Exercise instructions
Give back the whole listing word for word and skip each picture.

Information supplied
□ □ □

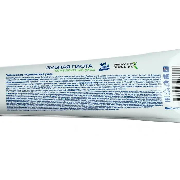 Зубная паста «Для всей семьи», комплексный уход, 100 г — Характеристики
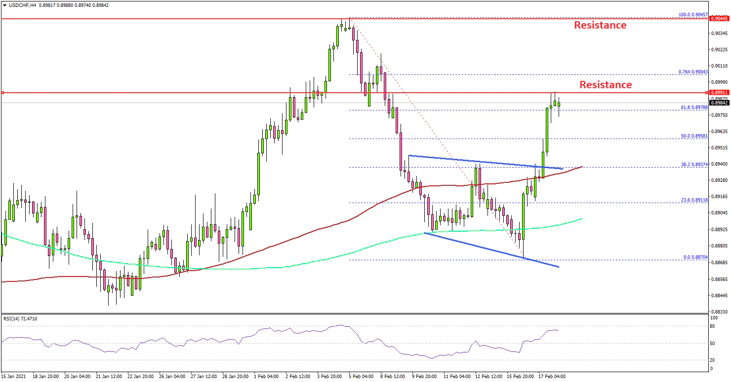 • USD/CHF found support near 0.8870 and started a fresh increase.
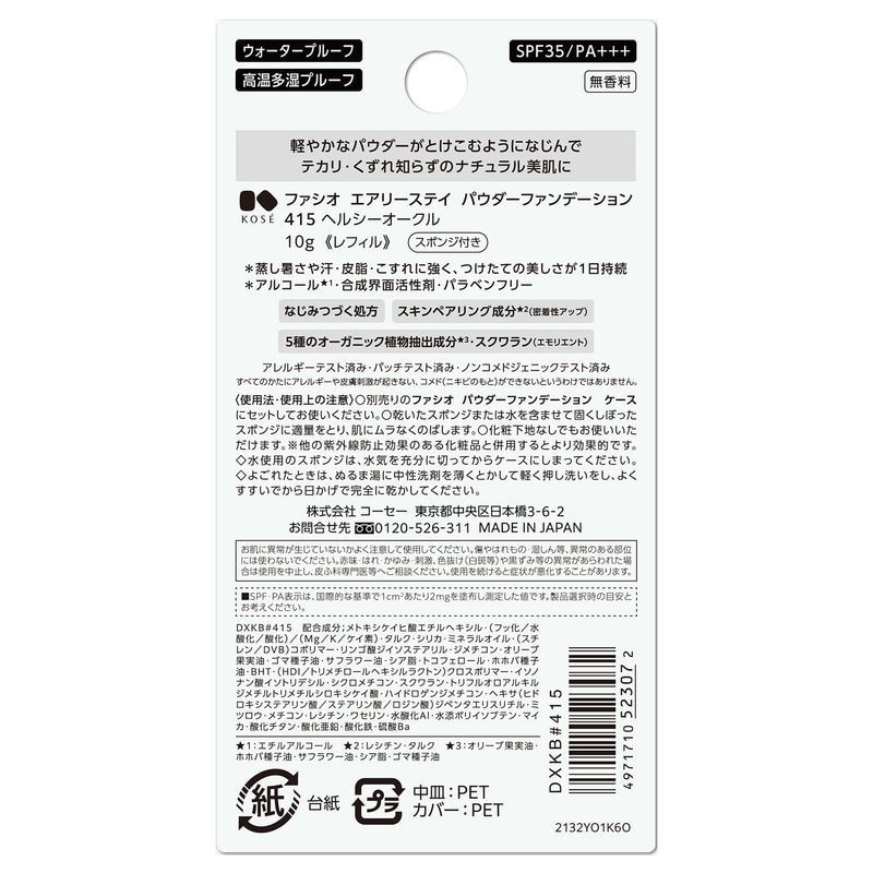 ファシオ エアリーステイ パウダーファンデーション 415 ヘルシーオークル 10g (レフィル) : スポンジ付き。ウォータープルーフ。高温多湿プルーフ。SPF35/PA+++。無香料。軽やかなパウダーがとけこむようになじんでテカリ・くずれ知らずのナチュラル美肌に。蒸し暑さや汗・皮脂・こすれに強く、つけたての美しさが1日持続。アルコール (エチルアルコール) ・合成界面活性剤・パラベンフリー。なじみつづく処方。スキンペアリング成分 (レシチン・タルク) (密着性アップ) 。5種のオーガニック植物抽出成分 (オリーブ果実油・ホホバ種子油・サフラワー油・シア脂・ゴマ種子油) ・スクワラン (エモリエント) 。アレルギーテスト済み・パッチテスト済み・ノンコメドジェニックテスト済み : すべてのかたにアレルギーや皮膚刺激がが起きない、コメド (ニキビのもと) ができないというわけではありません。
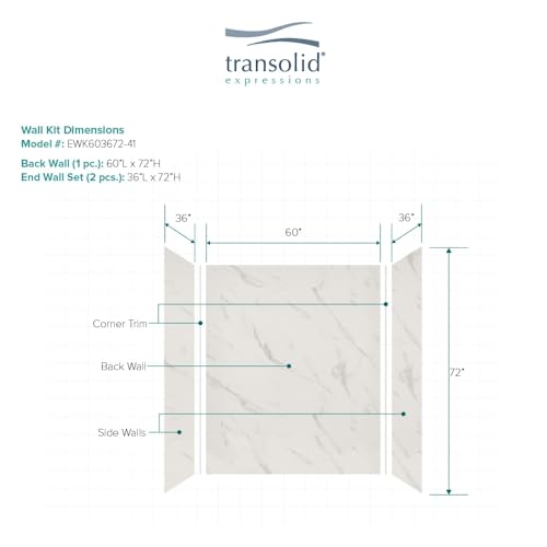 Transolid EWK603672-41 Expressions 3-Panel Shower Wall Kit, 36-in L x 60-in W x 72-in H, Bianca

□ □ □

Answer below
 Зубная паста «Для всей семьи», комплексный уход, 100 г — Характеристики
 • USD/CHF found support near 0.8870 and started a fresh increase.
 ファシオ エアリーステイ パウダーファンデーション 415 ヘルシーオークル 10g (レフィル) : スポンジ付き。ウォータープルーフ。高温多湿プルーフ。SPF35/PA+++。無香料。軽やかなパウダーがとけこむようになじんでテカリ・くずれ知らずのナチュラル美肌に。蒸し暑さや汗・皮脂・こすれに強く、つけたての美しさが1日持続。アルコール (エチルアルコール) ・合成界面活性剤・パラベンフリー。なじみつづく処方。スキンペアリング成分 (レシチン・タルク) (密着性アップ) 。5種のオーガニック植物抽出成分 (オリーブ果実油・ホホバ種子油・サフラワー油・シア脂・ゴマ種子油) ・スクワラン (エモリエント) 。アレルギーテスト済み・パッチテスト済み・ノンコメドジェニックテスト済み : すべてのかたにアレルギーや皮膚刺激がが起きない、コメド (ニキビのもと) ができないというわけではありません。
 Transolid EWK603672-41 Expressions 3-Panel Shower Wall Kit, 36-in L x 60-in W x 72-in H, Bianca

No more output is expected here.